What Is Clean Code and Why Is It SEO’s Latest ‘Secret Weapon’?

SEO providers have a habit of discussing what they do in terms of keywords and backlinks. When pitching new customers, they talk about content marketing and pay-per-click (PPC) advertising. All those things are good and necessary. Yet what happens under the hood on any given website is just as important. So why don’t SEO providers talk about clean code?

Clean code is one of the pillars of strong technical SEO. While human visitors never see the underlying code, search engine spiders and user devices do. And because they do, the cleanliness of a site’s code affects everything from indexing and ranking to site navigation.

Your Crawl Budget Is Limited

Did you know that your organization’s website has a crawl budget? It has nothing to do with finances or marketing spend. Crawl budget is the amount of time allotted for search engine spiders to spend crawling your site. It is a limited budget, too.

The more quickly and efficiently a spider can crawl your site, the more data it can gather in its limited time. But if your site is weighed down by bloated HTML, long trails of questionable JavaScript, or even redundant CSS, you are forcing spiders to spend precious time gathering less data than they otherwise could. On the other hand, clean code invites spiders to quickly move through your site and gather the maximum amount of data.

Algorithms Need to Understand Why

Indexing is just the first half of the equation. The second half is ranking. And in order for search engines to correctly rank, their algorithms need to understand ‘why’ a page exists. What does it have to offer? How is it useful to users? Getting to the ‘why’ of a page is heavily dependent on semantic HTML.

Clean semantic HTML helps algorithms understand indexed pages by providing:

  • Clarity – It helps algorithms tell the difference between things like primary headings and sidebars.
  • Accessibility – It indicates whether a website aligns with accessibility standards. Accessibility is becoming a higher priority for search engines, by the way.
  • Context – Paired with proper schema markup and lean code, clean semantic HTML provides the context that fuels things like which snippets and ‘people also ask’ boxes.

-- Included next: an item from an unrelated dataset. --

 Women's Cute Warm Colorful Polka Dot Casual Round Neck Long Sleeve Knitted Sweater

The better a search engine algorithm understands a page, the more accurately it can rank that page. Clean code plays a role in ensuring that a page is correctly understood.

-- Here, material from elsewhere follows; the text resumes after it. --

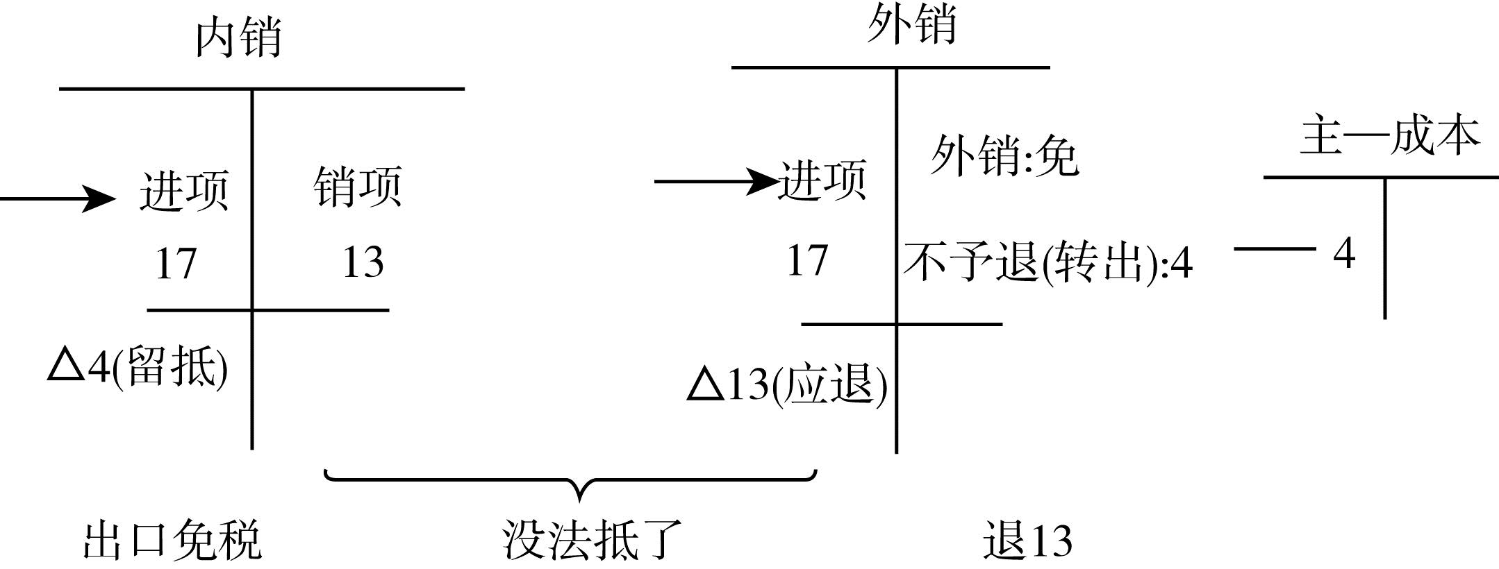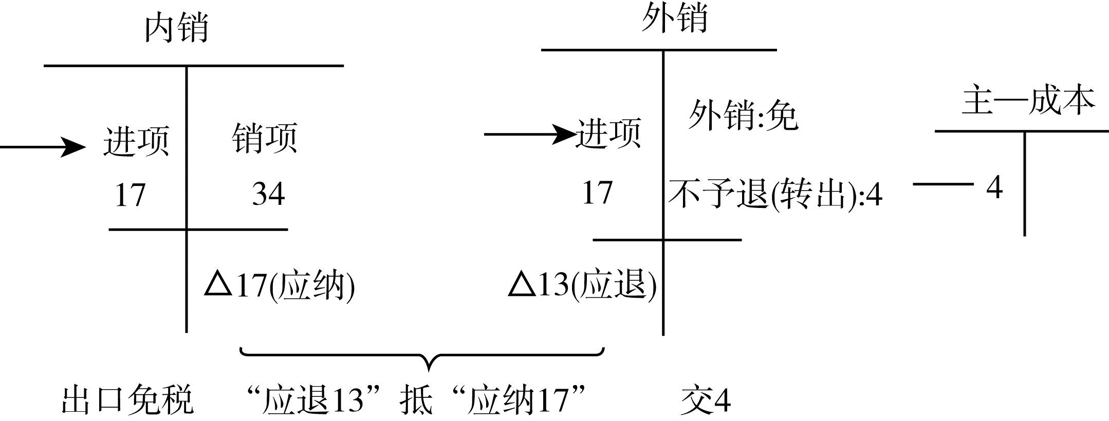 “抵”--就是用“內銷應納的稅款17”抵“外銷應退的稅稅款13”。

Mobile-First Is the Standard

At Pixsan in San Diego, CA, clean code is an SEO and web development priority because of the realities of the mobile-first mindset. Years ago, Google announced it was developing a mobile-first index that would eventually become the standard. The search engine giant made good on its promise. Today, mobile-first is the indexing standard.

Websites with heavy back ends will struggle on mobile devices even if they work flawlessly on the desktop. Remember that mobile devices tend to have slower processors and are often tied to data limits.

Web development that prioritizes clean code also focuses on reducing render-blocking resources. Users see the important stuff more quickly, thereby reducing bounce rates and increasing both traffic and SEO authority.

Play the Long Game

Whether your organization handles web development in-house or contracts with a service provider, make sure you are playing the long game. The cumulative benefits of SEO build over time. Clean code lays the foundation by supporting efficient crawling, indexing, and mobile-first priorities.

If your website’s code is not as clean as it should be, make cleaning it up a priority. The time and effort will pay for itself in the long run.